- [WORK INSTRUCTION]: Wherever the string "Members" shows up in the data below, copy the whole line.

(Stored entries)
━━━━━━━━━━━━━━━━━━━━
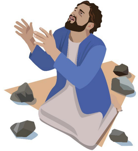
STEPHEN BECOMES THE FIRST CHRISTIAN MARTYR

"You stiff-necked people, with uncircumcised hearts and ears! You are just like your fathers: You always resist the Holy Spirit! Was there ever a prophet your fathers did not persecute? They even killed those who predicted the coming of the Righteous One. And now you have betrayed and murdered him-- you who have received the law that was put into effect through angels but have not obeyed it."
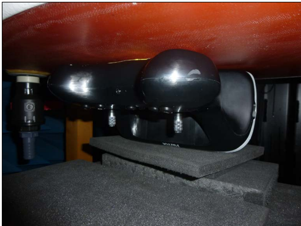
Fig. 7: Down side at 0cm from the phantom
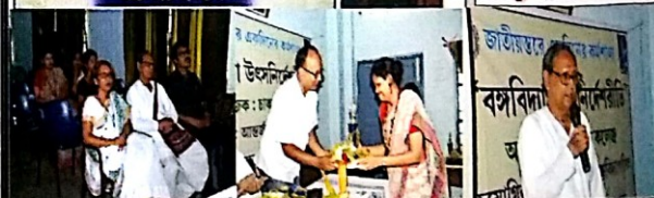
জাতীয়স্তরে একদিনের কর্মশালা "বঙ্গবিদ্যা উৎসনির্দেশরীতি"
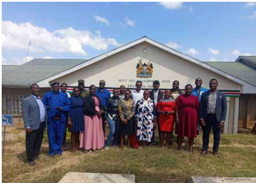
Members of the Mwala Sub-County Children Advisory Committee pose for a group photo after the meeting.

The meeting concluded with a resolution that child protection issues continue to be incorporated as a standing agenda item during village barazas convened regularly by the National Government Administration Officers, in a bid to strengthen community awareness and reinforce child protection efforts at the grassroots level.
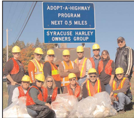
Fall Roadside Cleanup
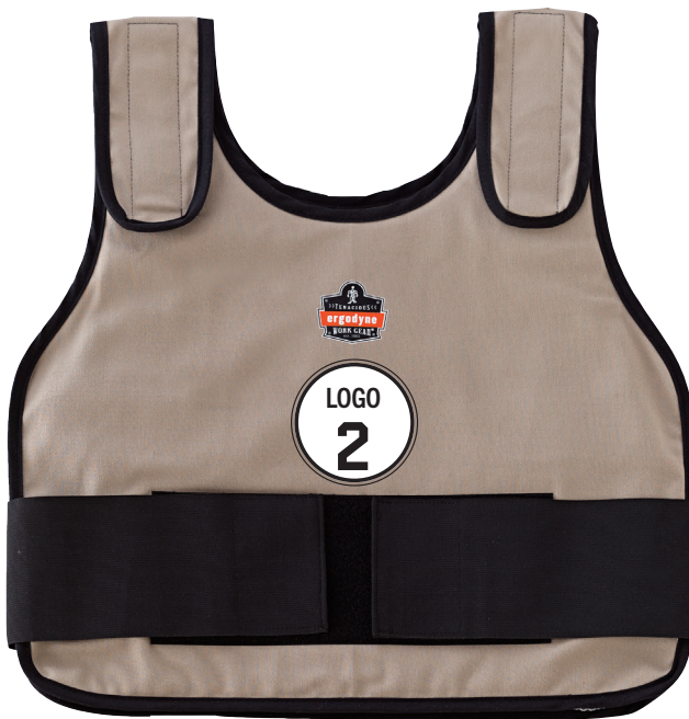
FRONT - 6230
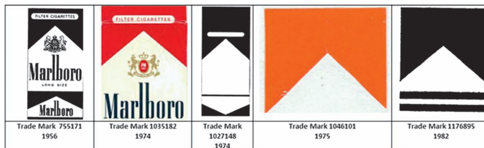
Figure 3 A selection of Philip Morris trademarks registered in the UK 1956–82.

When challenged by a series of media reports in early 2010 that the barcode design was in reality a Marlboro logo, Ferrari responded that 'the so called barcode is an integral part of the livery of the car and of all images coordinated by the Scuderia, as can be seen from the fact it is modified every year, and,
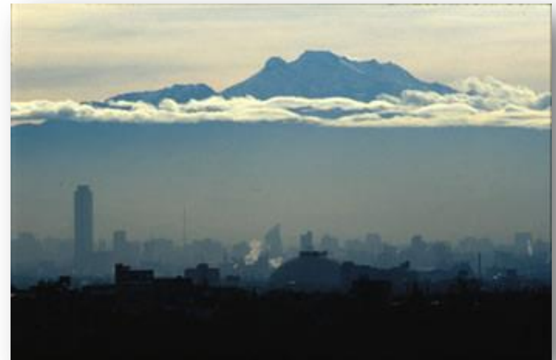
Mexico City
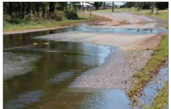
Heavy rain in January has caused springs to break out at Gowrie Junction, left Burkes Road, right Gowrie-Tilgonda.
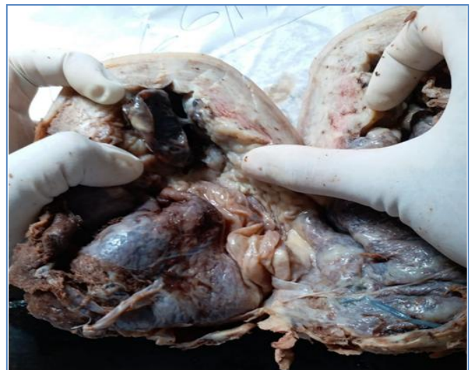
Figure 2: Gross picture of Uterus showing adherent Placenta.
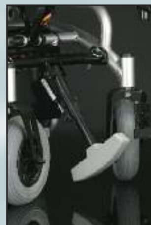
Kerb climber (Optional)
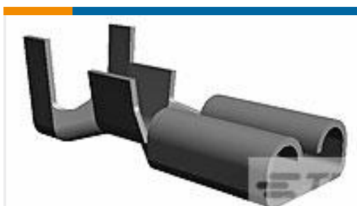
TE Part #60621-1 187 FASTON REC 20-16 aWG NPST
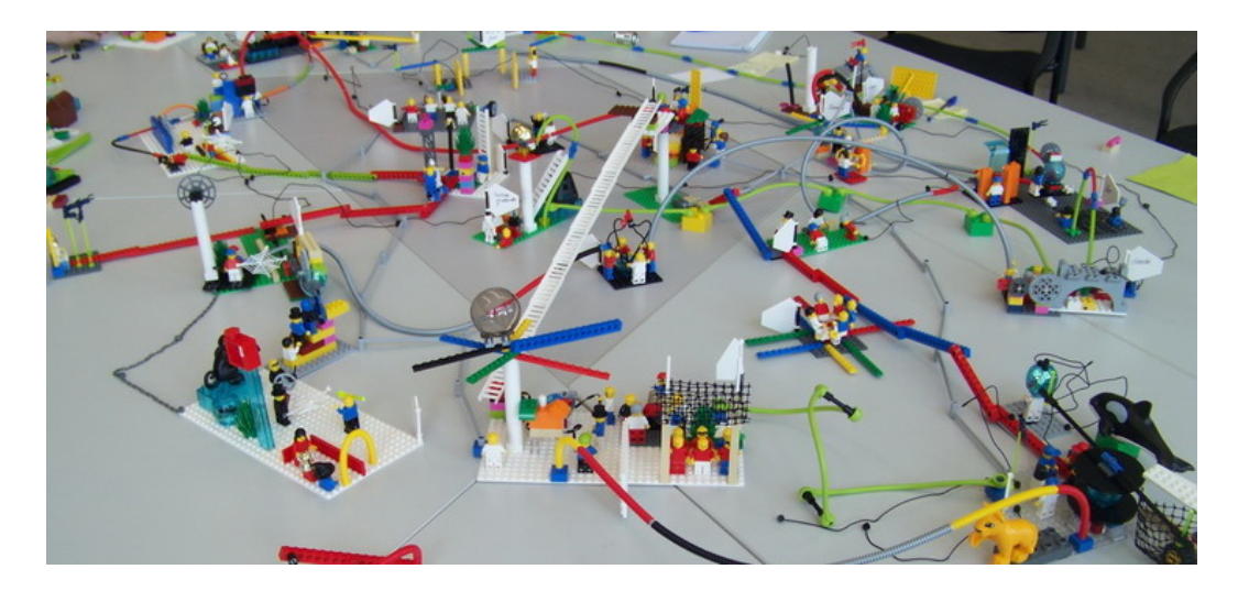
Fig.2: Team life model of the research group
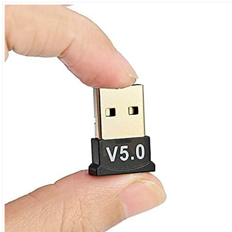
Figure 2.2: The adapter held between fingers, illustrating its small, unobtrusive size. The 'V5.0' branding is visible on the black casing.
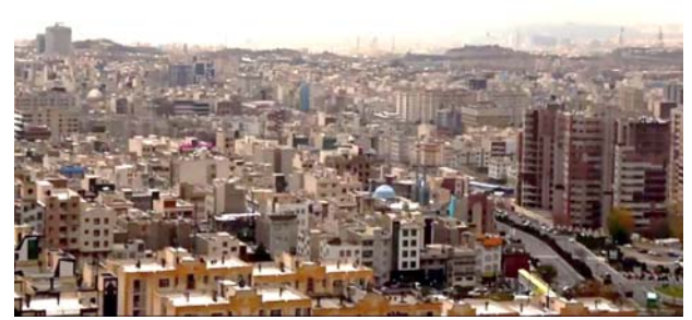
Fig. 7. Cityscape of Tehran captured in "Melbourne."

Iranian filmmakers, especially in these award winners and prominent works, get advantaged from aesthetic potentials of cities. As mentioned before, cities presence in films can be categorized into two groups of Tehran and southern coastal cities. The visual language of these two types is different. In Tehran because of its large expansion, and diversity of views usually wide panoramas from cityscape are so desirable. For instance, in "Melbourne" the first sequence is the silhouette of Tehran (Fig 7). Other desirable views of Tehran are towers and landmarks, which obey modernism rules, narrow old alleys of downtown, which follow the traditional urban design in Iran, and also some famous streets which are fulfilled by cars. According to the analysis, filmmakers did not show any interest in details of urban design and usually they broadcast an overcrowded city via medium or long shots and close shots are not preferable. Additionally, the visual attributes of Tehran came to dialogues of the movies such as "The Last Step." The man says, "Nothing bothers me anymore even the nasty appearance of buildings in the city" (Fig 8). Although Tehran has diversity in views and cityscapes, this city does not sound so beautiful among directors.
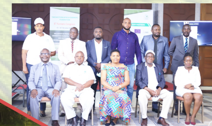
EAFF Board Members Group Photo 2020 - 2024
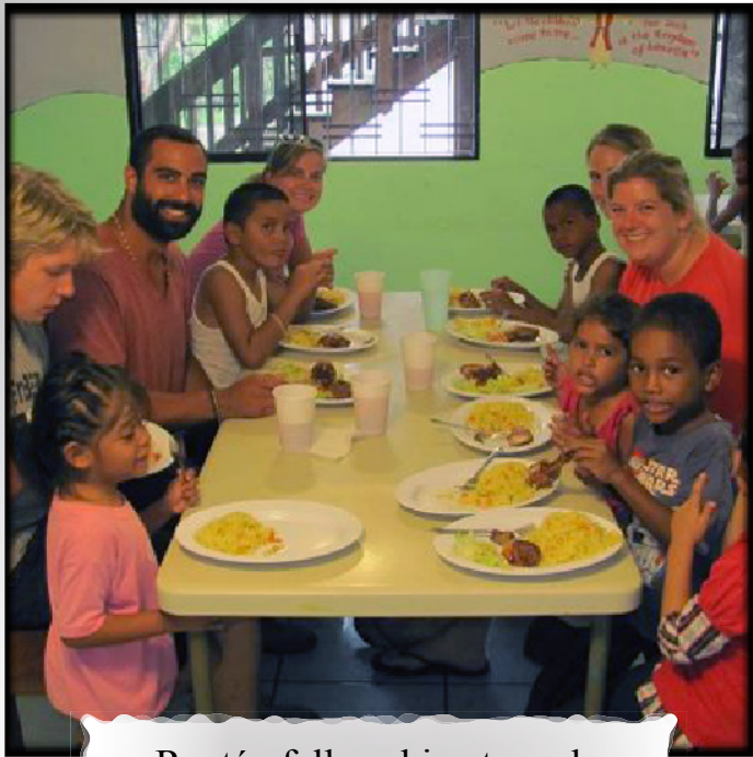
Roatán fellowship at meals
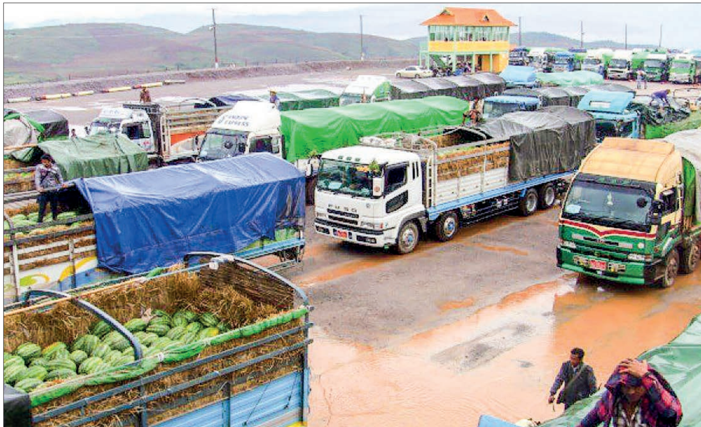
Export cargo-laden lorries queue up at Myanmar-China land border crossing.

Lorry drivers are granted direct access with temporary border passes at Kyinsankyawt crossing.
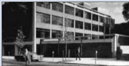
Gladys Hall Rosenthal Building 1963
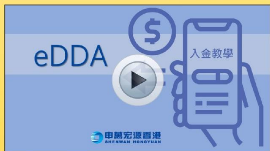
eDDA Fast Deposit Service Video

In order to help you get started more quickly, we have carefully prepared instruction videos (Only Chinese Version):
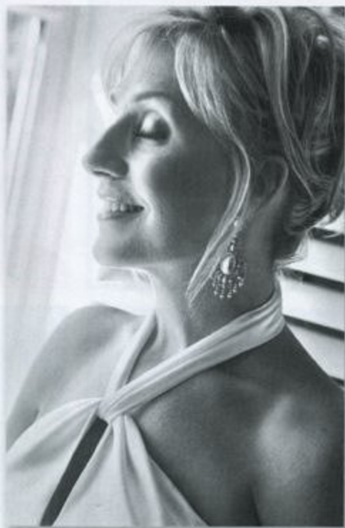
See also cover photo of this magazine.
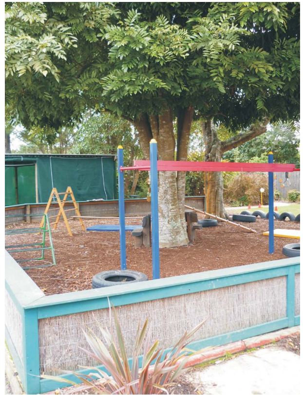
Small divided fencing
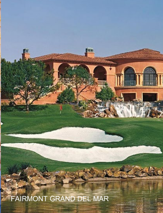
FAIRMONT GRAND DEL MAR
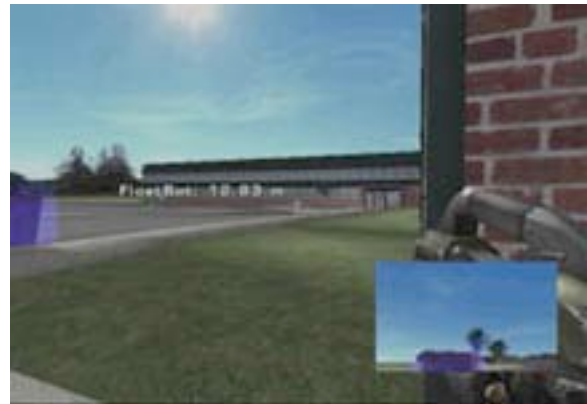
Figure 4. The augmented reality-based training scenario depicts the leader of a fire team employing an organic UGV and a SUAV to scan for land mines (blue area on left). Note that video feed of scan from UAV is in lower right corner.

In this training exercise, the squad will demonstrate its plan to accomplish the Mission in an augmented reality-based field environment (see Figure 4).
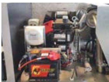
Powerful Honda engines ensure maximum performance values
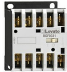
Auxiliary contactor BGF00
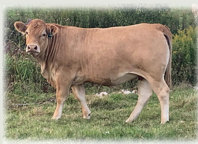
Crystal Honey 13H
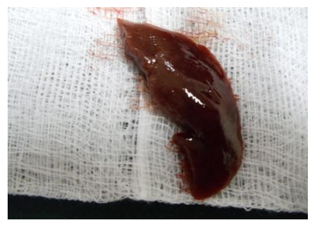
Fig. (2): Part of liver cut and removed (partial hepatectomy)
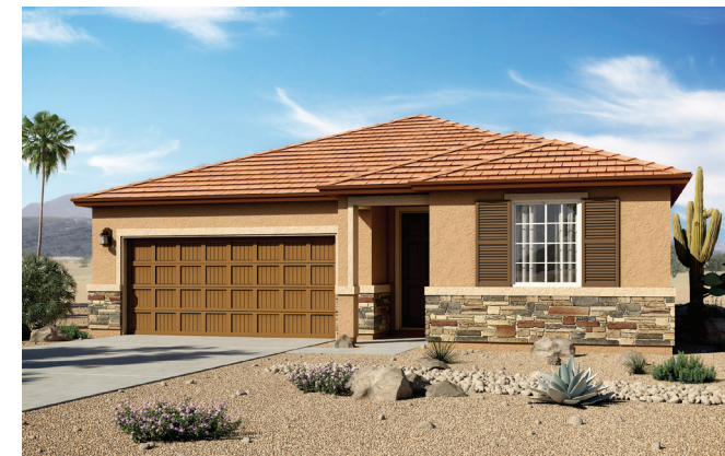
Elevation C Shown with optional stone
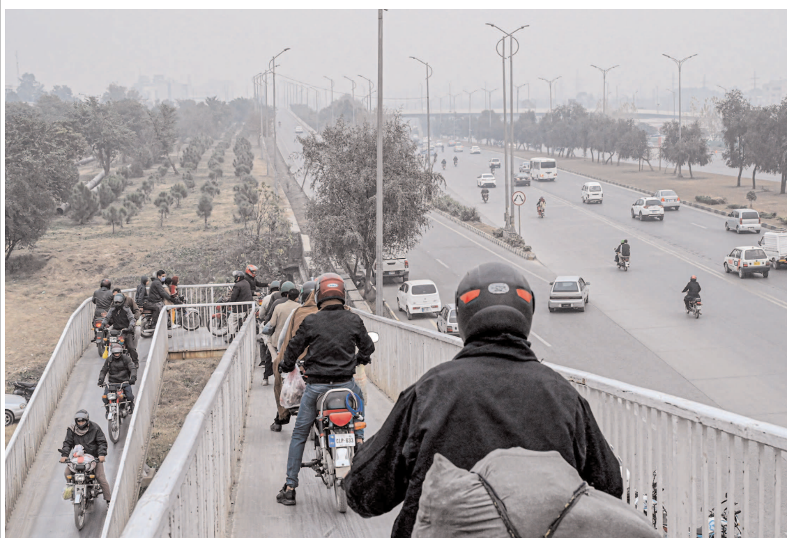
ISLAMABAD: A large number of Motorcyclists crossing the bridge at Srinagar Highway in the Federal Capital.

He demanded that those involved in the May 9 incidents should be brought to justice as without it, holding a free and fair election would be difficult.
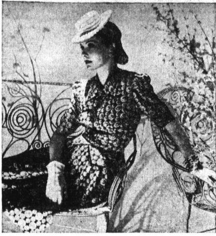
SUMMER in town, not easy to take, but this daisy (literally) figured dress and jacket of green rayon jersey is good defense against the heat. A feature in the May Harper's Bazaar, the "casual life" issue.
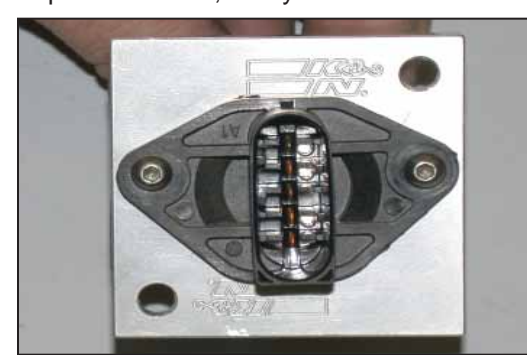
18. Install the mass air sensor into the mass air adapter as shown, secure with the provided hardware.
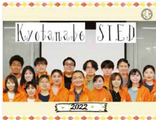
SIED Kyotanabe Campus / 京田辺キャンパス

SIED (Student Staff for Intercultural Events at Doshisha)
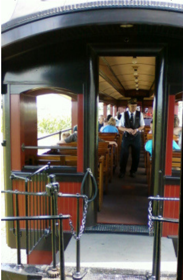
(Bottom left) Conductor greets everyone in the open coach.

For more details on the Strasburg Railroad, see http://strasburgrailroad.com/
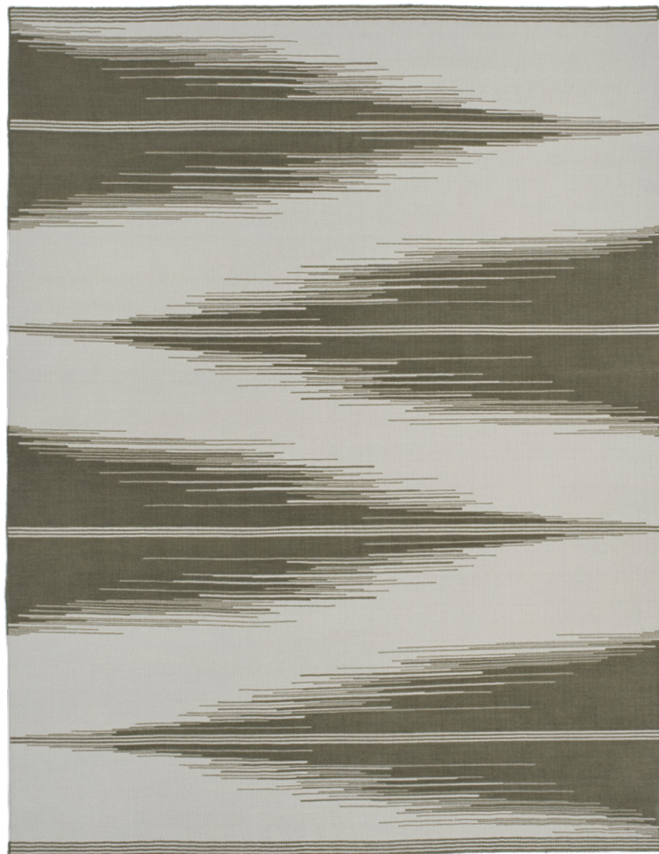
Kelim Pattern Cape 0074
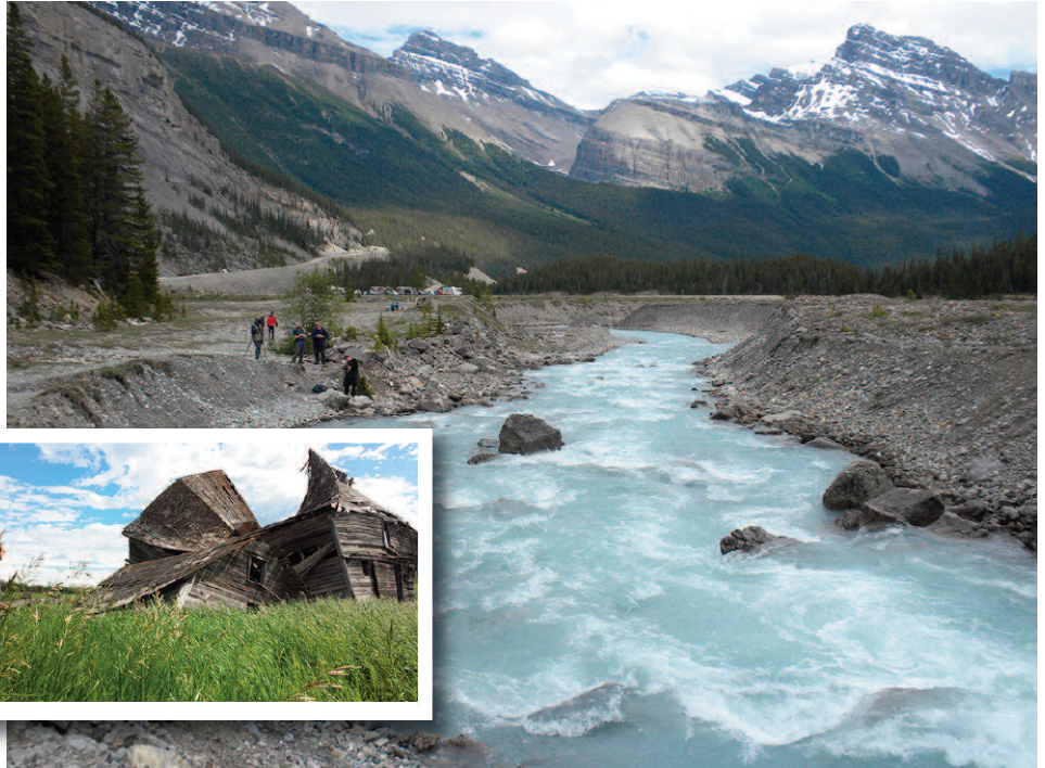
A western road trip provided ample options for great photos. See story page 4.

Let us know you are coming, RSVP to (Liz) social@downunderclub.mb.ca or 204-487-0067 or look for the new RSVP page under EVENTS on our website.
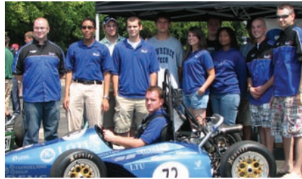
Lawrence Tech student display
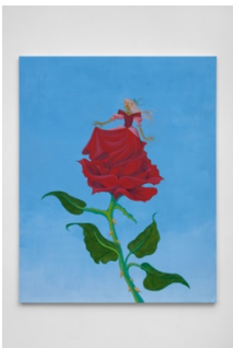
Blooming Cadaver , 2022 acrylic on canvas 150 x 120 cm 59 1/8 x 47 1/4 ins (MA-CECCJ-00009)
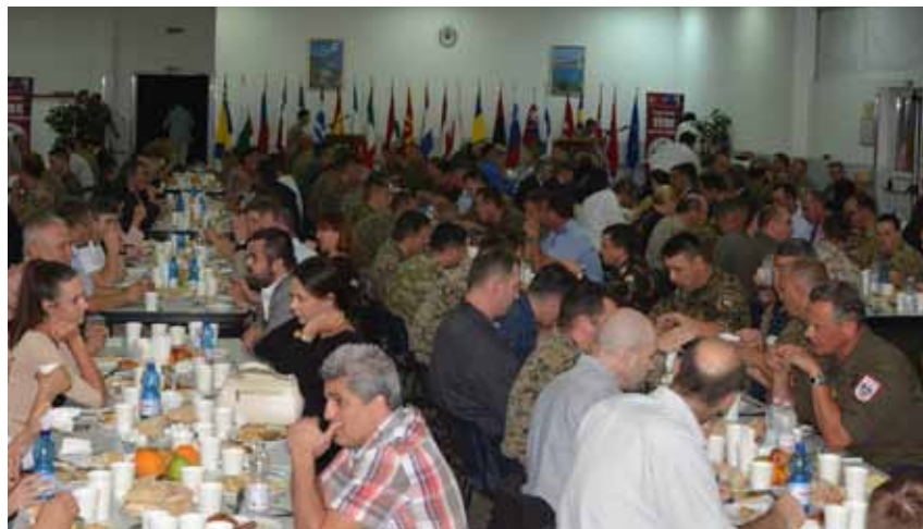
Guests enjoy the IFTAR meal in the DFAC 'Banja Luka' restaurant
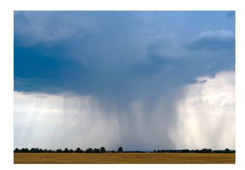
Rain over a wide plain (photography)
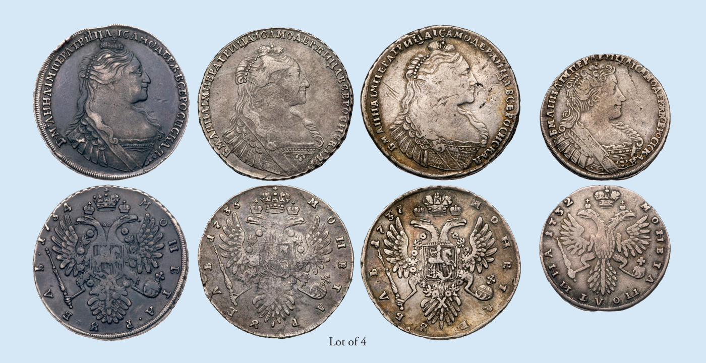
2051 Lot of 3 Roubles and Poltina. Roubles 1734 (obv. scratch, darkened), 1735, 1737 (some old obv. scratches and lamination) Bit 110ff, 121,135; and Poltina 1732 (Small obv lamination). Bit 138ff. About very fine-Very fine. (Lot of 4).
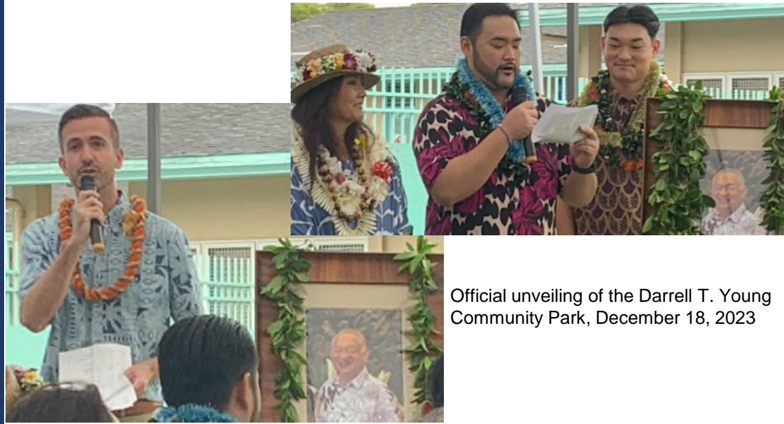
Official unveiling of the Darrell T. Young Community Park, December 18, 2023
━━━━━━━━━━━━━━━━━━━━
- [SOLUTION FOR THIS PROBLEM]:
Members of the Mwala Sub-County Children Advisory Committee pose for a group photo after the meeting.
EAFF Board Members Group Photo 2020 - 2024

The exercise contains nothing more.